A recent special report by the Economist called ESG a “broken system” in need of urgent repair. By trying to satisfy many stakeholders, the information it provides, “often bears little relevance to what a company actually does,” and it is too imprecise to serve as shadow tax on the negative externalities a company generates. It argues in favor of reforming ESG, because carbon taxes are politically fraught, but this is precisely why Tariq Fancy argues ESG is so dangerous. It offers the illusion of a voluntary, market-based mechanism that has no influence on corporate behavior and provides policymakers an excuse not to enact tougher regulations.

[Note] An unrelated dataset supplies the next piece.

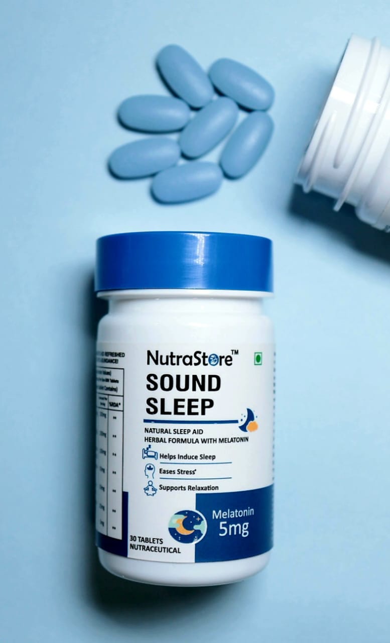 NutraStore Sound Sleep is a specialised sleep support formula created to improve your sleep cycle and promote deep sleep. Each tablet contains Melatonin 5mg along with six calming herbs: Brahmi, Tagar, Jatamansi, Passion Flower, Chamomile and Ashwagandha to support relaxation, reduce stress and enhance overall sleep quality for men and women.

It is hard to imagine putting the genie back in the bottle now that politicians have sowed doubts in the minds of conservative voters about some hidden agenda behind ESG investing. Better regulations leading to greater transparency might help correct course and lead to a new improved “ESG 2.0” that causes more capital to flow to fund managers that evaluate the environmental and social impact of companies as outputs rather than inputs. I am skeptical. The lack of any real debate at an impact investing conference, despite best intentions, suggests we will continue to hope the negative ESG rhetoric will just burn itself out while CEOs focus on better storytelling. In the meantime, we should be concerned that as ESG’s reputation is further tarnished, it will hurt impact investing by association.